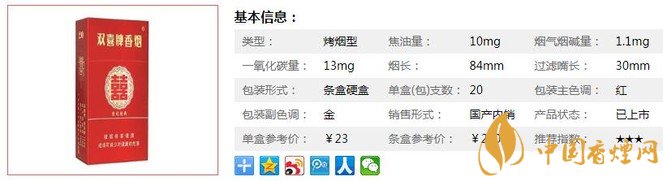 雙喜硬世紀(jì)經(jīng)典煙支長(zhǎng)84mm,產(chǎn)品精選美國(guó)、津巴布韋、贊比亞等國(guó)際優(yōu)質(zhì)煙葉原料和云南、貴州、四川、湖南等國(guó)內(nèi)知名產(chǎn)區(qū)的上等煙葉。香醇度很高的煙氣層次分明、協(xié)調(diào)、成團(tuán)性也很好,感受舒適。下面我們一起來(lái)看雙喜硬世紀(jì)經(jīng)典的參數(shù)信息:焦油量:10mg. 煙堿量:1.1mg. 一氧化碳量:13mg.
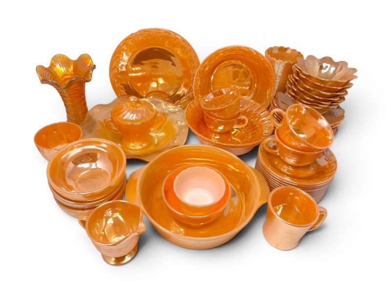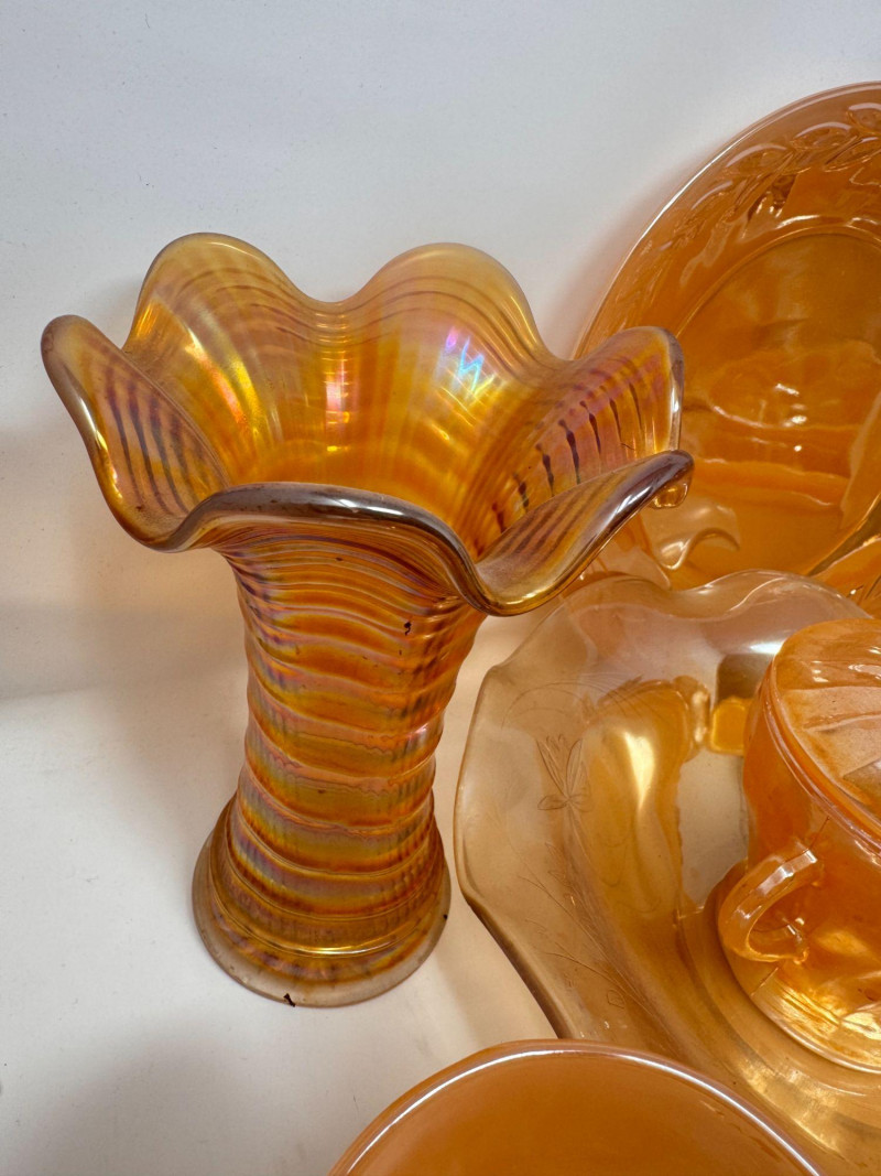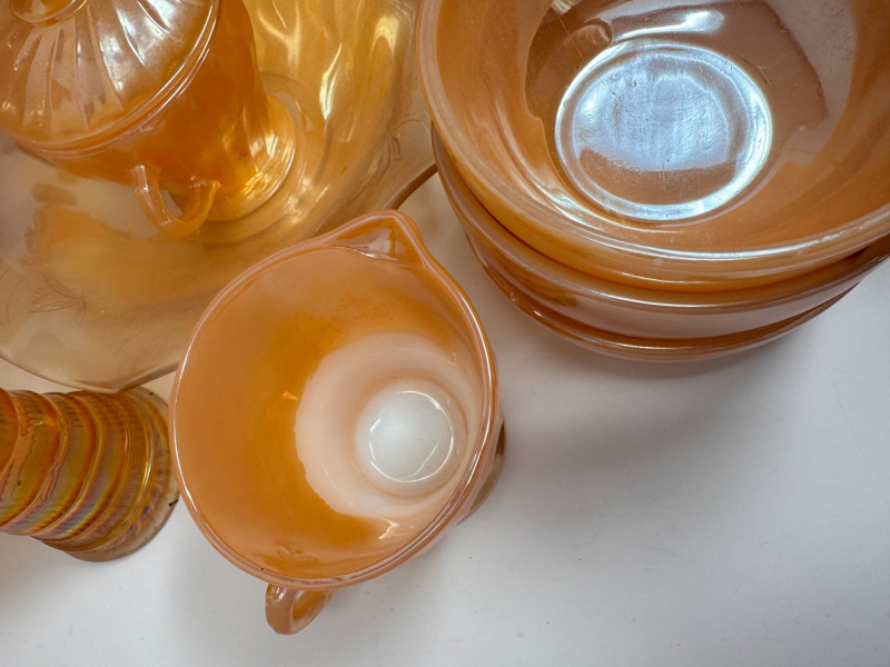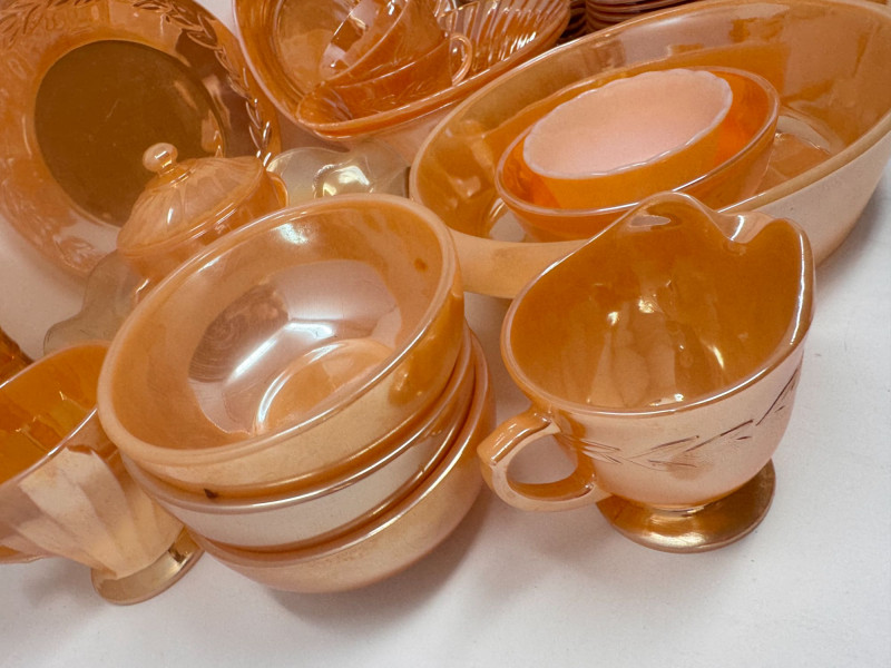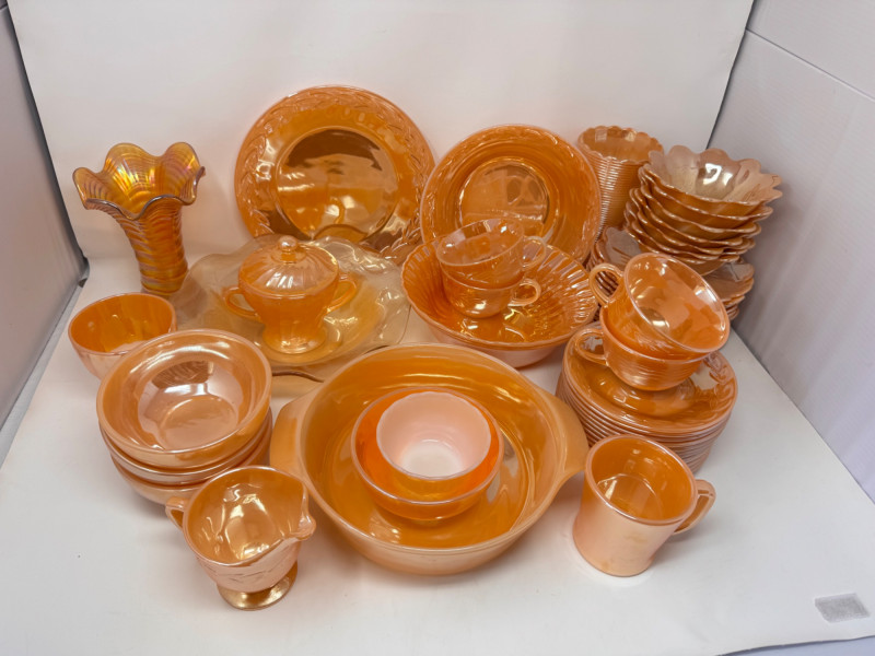 Lot # 102 - Vintage Anchor Hocking Fire King - Peach Lustre Glass Dish Set & Vase
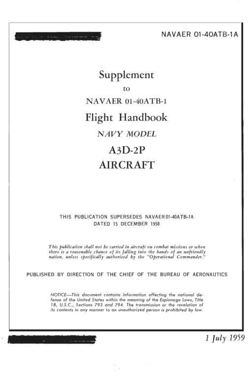 - US Navy Supplemental Flight Handbook for the A3D-2P, NAVWEPS 01-40ATB-1A dated 1-7-59, with approx. 130 pages.
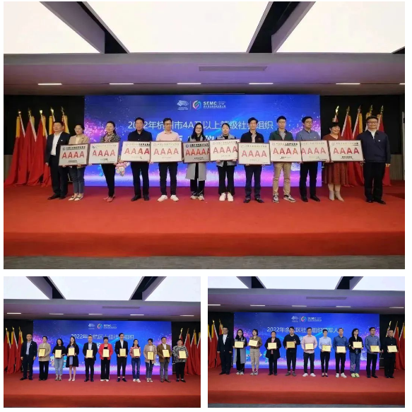 活动现场还对2022年获评杭州市4A及以上等级社会组织、2022年余杭区十佳社会组织、2022年余杭区社会组织领军人才进行嘉奖表彰,市、区民政领导为获奖单位和荣誉个人授牌并颁发荣誉证书。
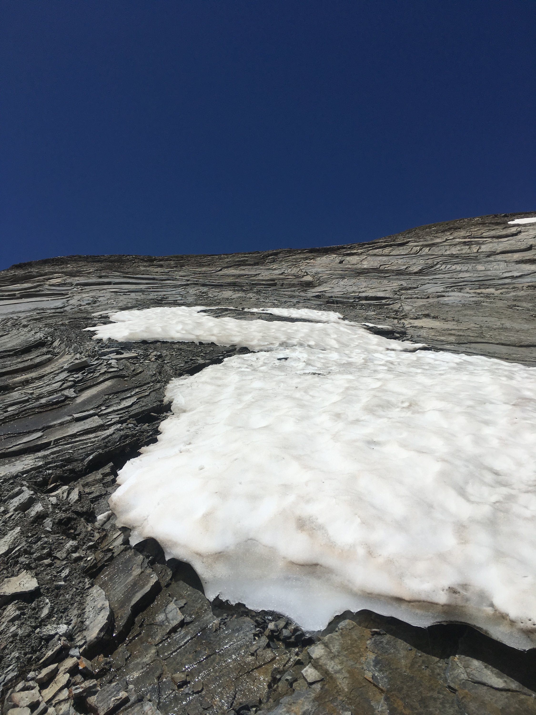 Start um 9.00 San Bernardino, 16 Grad, windstill. Auf rot-weiss markiertem Wanderweg bis Cassina da Vignum. Nun dem blau-weiss markiertem Weglein bis P. 2382. Nun über Geröll weiter bis zum ersten Schneefeld Höhe 2500. Der Schnee war noch hart und ich bin darum direkt Richtung Gipfel, war keine gute Idee und wieder zurück, in der Zwischenzeit war das Schneefeld weich und so bin ich ohne Schwierigkeiten bis Grat und weiter bis Gipfel. Gute Markierungen auf der ganzen Route. Abstieg wie Aufstieg.
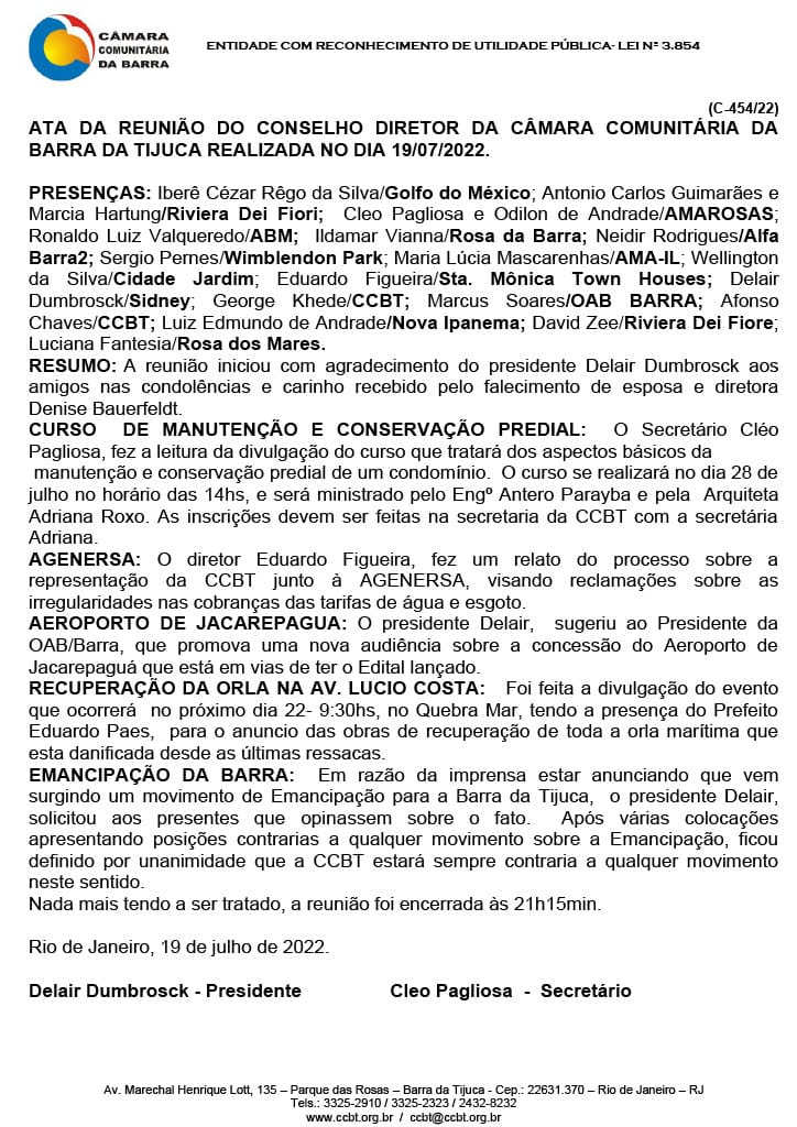 CCBT – ATA C-454 REUNIÃO CONSELHO DIRETOR DA CÂMARA COMUNITÁRIA DA BARRA DA TIJUCA REALIZADA NO DIA 19/07/2022
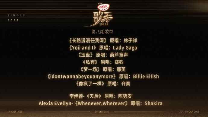 7月3日,据@湖南卫视歌手消息,《歌手》第八期歌单正式公布:
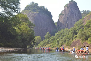 第二天一早大家就整装待发开始激动人心的项目:九曲溪漂流。为了这次活动,大家在6点半就集合完毕,集体用完早餐之后就赶往九曲溪的码头,伴随着初升的暖阳开始我们的漂流。期间如果没有大家强烈的团队意识、合理的分工合作,就不可能在短短的时间内超过众多旅行团抓住一天中最好的时机去欣赏美景。
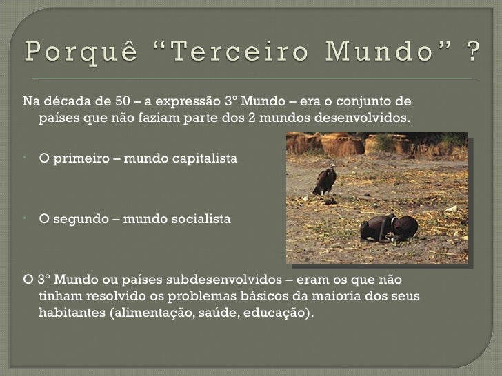 Terceiro mundo. Terceiro mundo é uma expressão usada para designar os países que dispõem de uma economia subdesenvolvida ou em desenvolvimento. Essa expressão surgiu na época da Guerra Fria, remetendo aos países que não se encontravam nem do lado dos EUA nem da URSS, os denominados "não - alinhados". O terceiro mundo compreende.
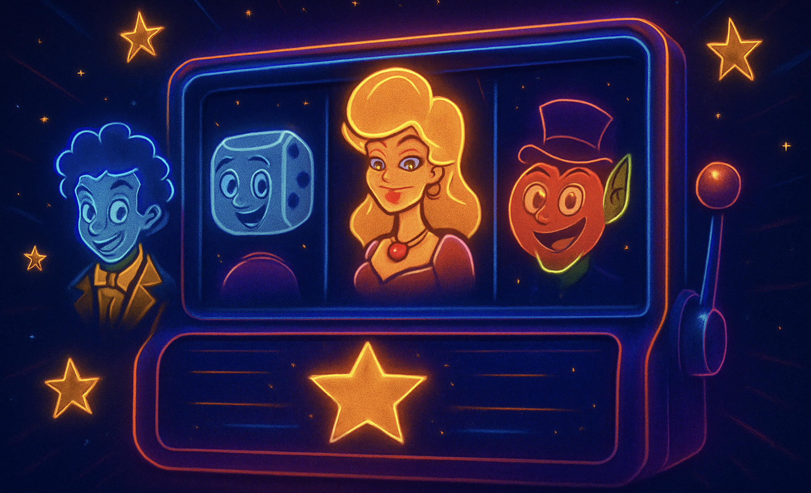 Spelföretagets egna superstars pryder slotten, som ser ut som om du spelar på ett gammalt klassiskt brädspel. Ljudlandskapet ger extra underhållning och varje karaktär som dyker upp då och då har sina egna musikstycken och utrop, vilket gör att man ibland kan le åt spelet. Vad kan vara roligare än ett välgjort spel som man helt kan fördjupa sig i, där små detaljer får skrattmusklerna att kittla! Karaktärernas egen stil har integrerats i Superstars-temat. Detta extra element ökar spelupplevelsen.
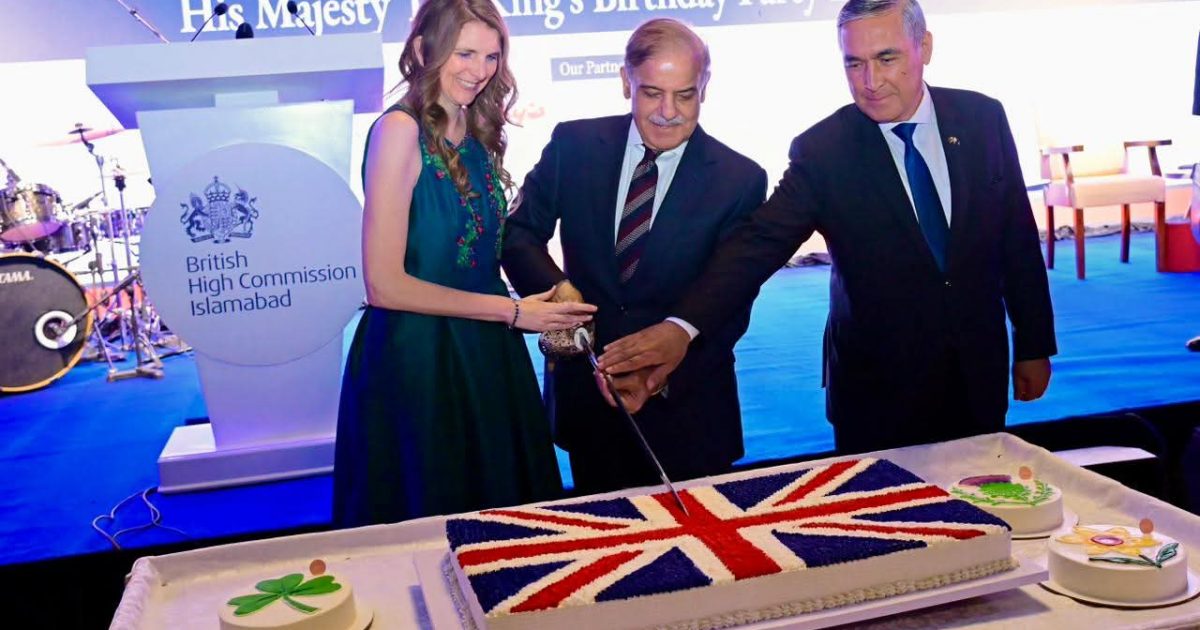 وزیراعظم محمد شہباز شریف نے برطانیہ کے بادشاہ چارلس سوم کی سالگرہ کی تقریبات میں شرکت کی اس موقع پر کیک کاٹا۔
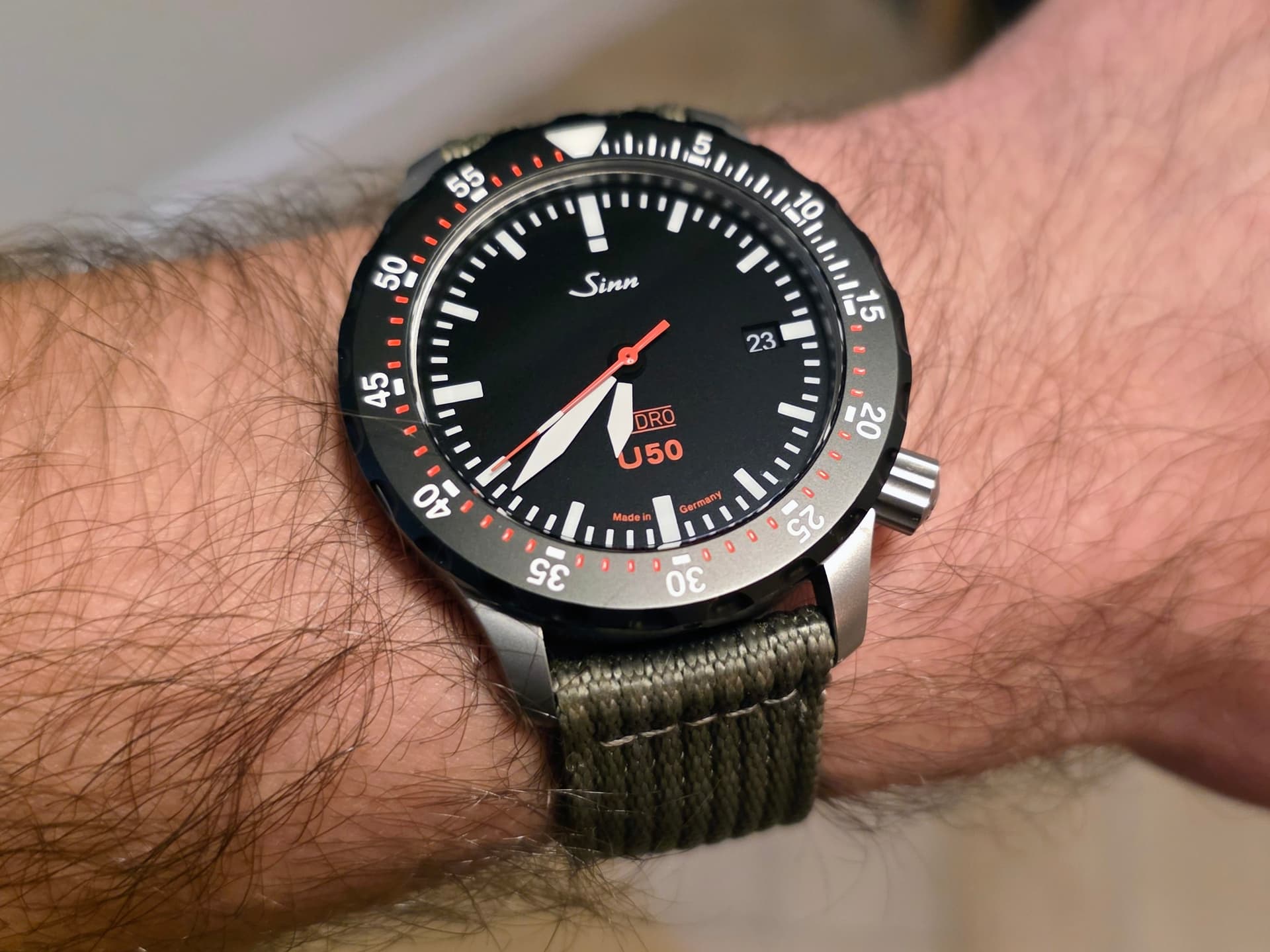 Van de vorige eigenaar alle soorten bandjes mogen erven, dus o.a. deze gave originele Sinn canvas; ook hieraan voel je de Duitse degelijkheid ![]()
****************
**WHAT IS NEEDED:** Output only the lines above from the one containing "- US Navy Supplemental" to the one containing "وزیراعظم محمد شہباز", both included, exactly as written and with no pictures.

**SOLUTION TO THE EXERCISE:**
 - US Navy Supplemental Flight Handbook for the A3D-2P, NAVWEPS 01-40ATB-1A dated 1-7-59, with approx. 130 pages.
 活动现场还对2022年获评杭州市4A及以上等级社会组织、2022年余杭区十佳社会组织、2022年余杭区社会组织领军人才进行嘉奖表彰,市、区民政领导为获奖单位和荣誉个人授牌并颁发荣誉证书。
 Start um 9.00 San Bernardino, 16 Grad, windstill. Auf rot-weiss markiertem Wanderweg bis Cassina da Vignum. Nun dem blau-weiss markiertem Weglein bis P. 2382. Nun über Geröll weiter bis zum ersten Schneefeld Höhe 2500. Der Schnee war noch hart und ich bin darum direkt Richtung Gipfel, war keine gute Idee und wieder zurück, in der Zwischenzeit war das Schneefeld weich und so bin ich ohne Schwierigkeiten bis Grat und weiter bis Gipfel. Gute Markierungen auf der ganzen Route. Abstieg wie Aufstieg.
 CCBT – ATA C-454 REUNIÃO CONSELHO DIRETOR DA CÂMARA COMUNITÁRIA DA BARRA DA TIJUCA REALIZADA NO DIA 19/07/2022
 7月3日,据@湖南卫视歌手消息,《歌手》第八期歌单正式公布:
 第二天一早大家就整装待发开始激动人心的项目:九曲溪漂流。为了这次活动,大家在6点半就集合完毕,集体用完早餐之后就赶往九曲溪的码头,伴随着初升的暖阳开始我们的漂流。期间如果没有大家强烈的团队意识、合理的分工合作,就不可能在短短的时间内超过众多旅行团抓住一天中最好的时机去欣赏美景。
 Terceiro mundo. Terceiro mundo é uma expressão usada para designar os países que dispõem de uma economia subdesenvolvida ou em desenvolvimento. Essa expressão surgiu na época da Guerra Fria, remetendo aos países que não se encontravam nem do lado dos EUA nem da URSS, os denominados "não - alinhados". O terceiro mundo compreende.
 Spelföretagets egna superstars pryder slotten, som ser ut som om du spelar på ett gammalt klassiskt brädspel. Ljudlandskapet ger extra underhållning och varje karaktär som dyker upp då och då har sina egna musikstycken och utrop, vilket gör att man ibland kan le åt spelet. Vad kan vara roligare än ett välgjort spel som man helt kan fördjupa sig i, där små detaljer får skrattmusklerna att kittla! Karaktärernas egen stil har integrerats i Superstars-temat. Detta extra element ökar spelupplevelsen.
 وزیراعظم محمد شہباز شریف نے برطانیہ کے بادشاہ چارلس سوم کی سالگرہ کی تقریبات میں شرکت کی اس موقع پر کیک کاٹا۔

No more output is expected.